Data extracted from a collection:
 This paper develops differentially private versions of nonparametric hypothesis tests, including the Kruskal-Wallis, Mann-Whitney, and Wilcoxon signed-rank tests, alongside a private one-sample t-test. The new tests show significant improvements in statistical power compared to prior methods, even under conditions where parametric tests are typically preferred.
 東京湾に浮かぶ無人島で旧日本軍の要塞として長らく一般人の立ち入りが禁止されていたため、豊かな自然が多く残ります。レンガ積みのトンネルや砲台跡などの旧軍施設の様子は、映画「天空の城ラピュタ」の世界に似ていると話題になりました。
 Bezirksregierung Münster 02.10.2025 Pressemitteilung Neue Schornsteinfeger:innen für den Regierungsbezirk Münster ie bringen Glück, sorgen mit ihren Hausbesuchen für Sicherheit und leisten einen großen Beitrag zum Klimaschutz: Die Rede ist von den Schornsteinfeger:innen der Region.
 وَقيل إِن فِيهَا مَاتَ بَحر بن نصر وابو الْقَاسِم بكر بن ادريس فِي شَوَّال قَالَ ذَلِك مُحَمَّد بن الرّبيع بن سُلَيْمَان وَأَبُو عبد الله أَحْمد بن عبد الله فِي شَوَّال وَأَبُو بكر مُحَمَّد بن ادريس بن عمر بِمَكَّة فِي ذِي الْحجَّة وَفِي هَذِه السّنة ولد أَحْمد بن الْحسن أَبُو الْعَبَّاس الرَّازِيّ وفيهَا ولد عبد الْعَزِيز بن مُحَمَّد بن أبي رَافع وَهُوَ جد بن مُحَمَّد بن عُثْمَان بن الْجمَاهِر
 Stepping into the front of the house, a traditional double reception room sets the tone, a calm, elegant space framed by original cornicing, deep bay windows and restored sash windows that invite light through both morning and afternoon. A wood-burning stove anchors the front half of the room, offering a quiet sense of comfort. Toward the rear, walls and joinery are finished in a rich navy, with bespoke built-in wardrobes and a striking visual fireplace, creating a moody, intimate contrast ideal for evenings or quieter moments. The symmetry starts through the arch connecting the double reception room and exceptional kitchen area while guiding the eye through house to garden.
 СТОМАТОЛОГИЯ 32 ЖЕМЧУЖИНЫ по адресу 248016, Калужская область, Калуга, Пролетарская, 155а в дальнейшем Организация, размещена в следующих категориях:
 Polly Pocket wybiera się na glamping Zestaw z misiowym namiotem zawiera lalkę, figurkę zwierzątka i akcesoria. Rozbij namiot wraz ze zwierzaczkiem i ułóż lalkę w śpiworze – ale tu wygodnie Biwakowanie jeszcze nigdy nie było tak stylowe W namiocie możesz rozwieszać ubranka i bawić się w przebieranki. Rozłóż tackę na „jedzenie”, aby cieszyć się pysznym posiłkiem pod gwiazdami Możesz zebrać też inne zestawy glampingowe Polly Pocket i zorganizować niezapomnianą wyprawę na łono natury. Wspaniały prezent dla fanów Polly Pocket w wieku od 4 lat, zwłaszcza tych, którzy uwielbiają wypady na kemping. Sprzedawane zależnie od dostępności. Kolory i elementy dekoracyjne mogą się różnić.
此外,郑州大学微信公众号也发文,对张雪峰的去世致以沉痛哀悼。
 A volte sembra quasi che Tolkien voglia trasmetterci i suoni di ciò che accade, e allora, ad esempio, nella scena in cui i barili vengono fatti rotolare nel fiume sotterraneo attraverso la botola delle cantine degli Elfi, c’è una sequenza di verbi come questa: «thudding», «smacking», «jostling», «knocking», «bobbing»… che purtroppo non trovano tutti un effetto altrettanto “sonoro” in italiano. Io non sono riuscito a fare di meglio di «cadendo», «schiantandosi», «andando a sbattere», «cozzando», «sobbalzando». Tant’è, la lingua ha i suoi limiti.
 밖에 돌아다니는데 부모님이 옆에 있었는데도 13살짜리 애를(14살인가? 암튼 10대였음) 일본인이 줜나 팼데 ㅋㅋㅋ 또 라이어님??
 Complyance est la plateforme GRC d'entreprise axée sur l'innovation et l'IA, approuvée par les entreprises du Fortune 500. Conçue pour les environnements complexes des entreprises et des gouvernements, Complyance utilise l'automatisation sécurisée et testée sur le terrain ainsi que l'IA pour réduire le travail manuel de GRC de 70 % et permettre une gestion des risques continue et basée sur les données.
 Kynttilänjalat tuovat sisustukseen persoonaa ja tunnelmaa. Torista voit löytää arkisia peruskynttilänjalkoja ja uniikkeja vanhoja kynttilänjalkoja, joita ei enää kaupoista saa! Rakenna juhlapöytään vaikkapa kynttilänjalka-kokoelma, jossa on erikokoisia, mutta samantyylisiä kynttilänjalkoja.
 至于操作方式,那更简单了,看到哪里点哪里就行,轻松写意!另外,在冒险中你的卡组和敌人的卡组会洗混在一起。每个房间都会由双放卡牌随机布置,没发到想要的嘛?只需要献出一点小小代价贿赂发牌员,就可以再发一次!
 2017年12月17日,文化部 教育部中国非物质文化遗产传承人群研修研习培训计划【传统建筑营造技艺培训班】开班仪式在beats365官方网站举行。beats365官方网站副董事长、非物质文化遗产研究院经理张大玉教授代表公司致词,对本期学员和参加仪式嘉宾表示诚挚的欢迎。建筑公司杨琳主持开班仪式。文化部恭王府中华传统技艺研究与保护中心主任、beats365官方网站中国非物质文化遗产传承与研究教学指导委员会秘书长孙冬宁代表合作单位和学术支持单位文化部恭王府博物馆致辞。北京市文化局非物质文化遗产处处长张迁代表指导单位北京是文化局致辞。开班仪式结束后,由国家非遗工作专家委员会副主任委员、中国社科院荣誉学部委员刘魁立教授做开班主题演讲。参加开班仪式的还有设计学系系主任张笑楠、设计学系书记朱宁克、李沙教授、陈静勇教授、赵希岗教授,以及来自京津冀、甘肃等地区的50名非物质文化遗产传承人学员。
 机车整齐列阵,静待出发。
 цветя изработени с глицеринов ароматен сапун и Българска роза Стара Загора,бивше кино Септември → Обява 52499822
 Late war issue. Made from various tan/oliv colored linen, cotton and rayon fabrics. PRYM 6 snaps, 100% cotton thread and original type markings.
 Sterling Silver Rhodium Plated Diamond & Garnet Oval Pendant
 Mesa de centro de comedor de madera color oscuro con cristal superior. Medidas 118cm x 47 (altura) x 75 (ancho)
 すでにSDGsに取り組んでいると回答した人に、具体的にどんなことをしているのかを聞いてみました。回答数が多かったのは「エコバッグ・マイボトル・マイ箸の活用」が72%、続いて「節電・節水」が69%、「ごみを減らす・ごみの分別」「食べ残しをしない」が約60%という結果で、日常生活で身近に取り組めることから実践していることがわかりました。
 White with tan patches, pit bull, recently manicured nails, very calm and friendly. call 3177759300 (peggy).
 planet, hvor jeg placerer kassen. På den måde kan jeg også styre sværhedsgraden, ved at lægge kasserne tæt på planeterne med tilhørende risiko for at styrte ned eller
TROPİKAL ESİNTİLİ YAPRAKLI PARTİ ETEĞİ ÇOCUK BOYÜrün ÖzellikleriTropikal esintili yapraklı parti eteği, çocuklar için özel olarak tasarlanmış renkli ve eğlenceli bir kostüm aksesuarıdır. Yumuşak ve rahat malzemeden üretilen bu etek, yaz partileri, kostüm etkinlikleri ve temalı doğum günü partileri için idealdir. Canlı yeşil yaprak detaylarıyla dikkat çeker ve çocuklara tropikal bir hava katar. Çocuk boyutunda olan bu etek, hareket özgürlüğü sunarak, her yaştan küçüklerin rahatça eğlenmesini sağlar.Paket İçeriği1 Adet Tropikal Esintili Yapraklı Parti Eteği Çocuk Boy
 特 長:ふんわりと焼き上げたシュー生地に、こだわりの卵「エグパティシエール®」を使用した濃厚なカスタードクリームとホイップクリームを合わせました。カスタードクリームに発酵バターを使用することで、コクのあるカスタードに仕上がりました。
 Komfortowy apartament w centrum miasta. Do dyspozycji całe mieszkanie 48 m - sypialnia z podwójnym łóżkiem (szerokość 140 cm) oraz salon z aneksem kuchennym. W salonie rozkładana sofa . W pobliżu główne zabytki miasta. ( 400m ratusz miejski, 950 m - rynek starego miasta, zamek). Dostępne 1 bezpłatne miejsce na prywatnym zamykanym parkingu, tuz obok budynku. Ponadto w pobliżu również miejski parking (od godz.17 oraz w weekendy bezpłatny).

**What you will do**: Please return the lines above that run from the line containing "机车整齐列阵,静待出发。" to the line containing "Mesa de centro", inclusive, exactly and with no other lines.

**Your solution**:
 机车整齐列阵,静待出发。
 цветя изработени с глицеринов ароматен сапун и Българска роза Стара Загора,бивше кино Септември → Обява 52499822
 Late war issue. Made from various tan/oliv colored linen, cotton and rayon fabrics. PRYM 6 snaps, 100% cotton thread and original type markings.
 Sterling Silver Rhodium Plated Diamond & Garnet Oval Pendant
 Mesa de centro de comedor de madera color oscuro con cristal superior. Medidas 118cm x 47 (altura) x 75 (ancho)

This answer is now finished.